▶ _Task brief_
After locating "of local news.", return its line and all lines that follow through the end of the listing below, exactly; leave out pictures.

▶ _Raw data_
************

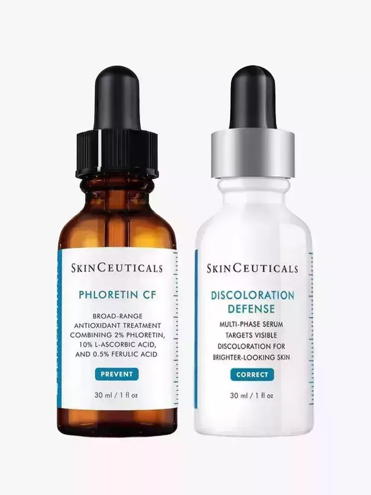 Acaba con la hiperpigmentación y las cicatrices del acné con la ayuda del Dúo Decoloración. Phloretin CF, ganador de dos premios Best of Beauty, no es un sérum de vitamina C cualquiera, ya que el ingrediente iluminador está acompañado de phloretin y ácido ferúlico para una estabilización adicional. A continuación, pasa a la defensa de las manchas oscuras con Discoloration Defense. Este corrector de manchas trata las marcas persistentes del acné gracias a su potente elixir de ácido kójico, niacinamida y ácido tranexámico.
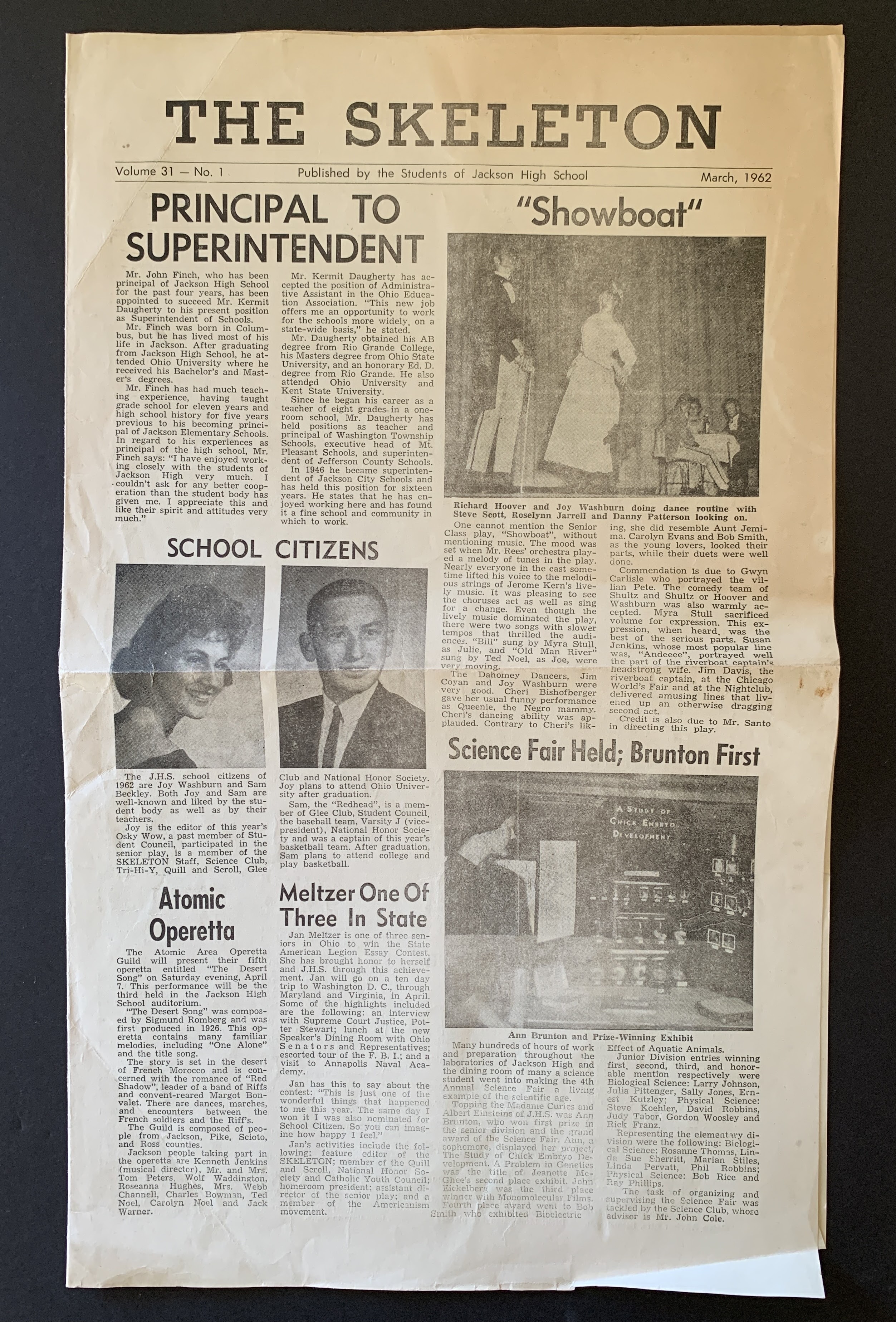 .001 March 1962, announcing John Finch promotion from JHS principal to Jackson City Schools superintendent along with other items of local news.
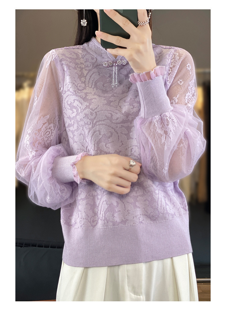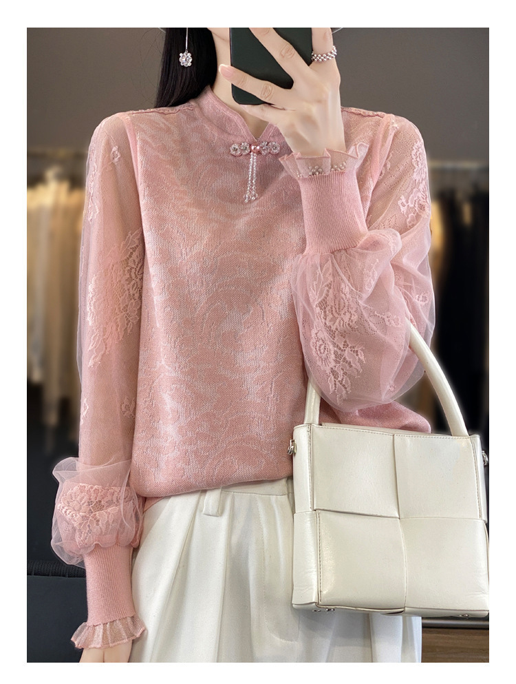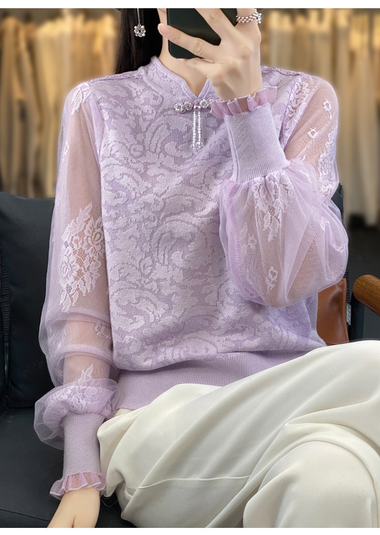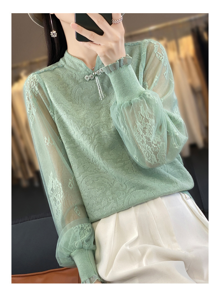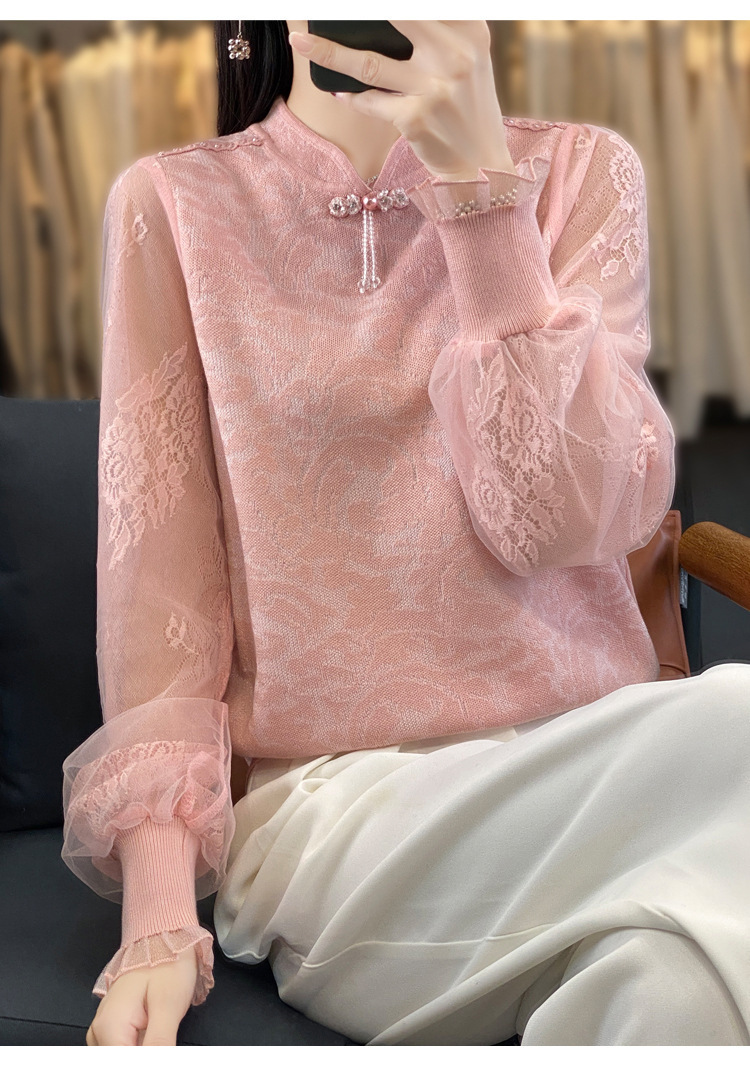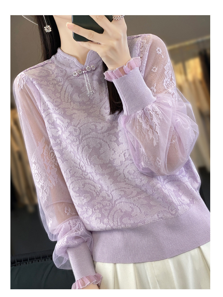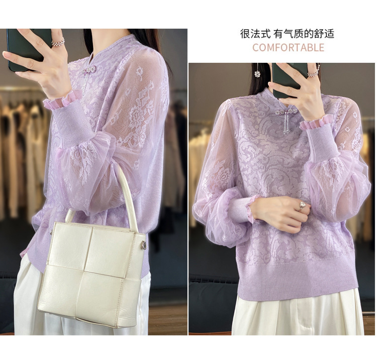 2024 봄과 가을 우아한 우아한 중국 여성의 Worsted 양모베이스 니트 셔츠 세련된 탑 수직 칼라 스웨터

************

▶ _Exercise answer_
 .001 March 1962, announcing John Finch promotion from JHS principal to Jackson City Schools superintendent along with other items of local news.
 2024 봄과 가을 우아한 우아한 중국 여성의 Worsted 양모베이스 니트 셔츠 세련된 탑 수직 칼라 스웨터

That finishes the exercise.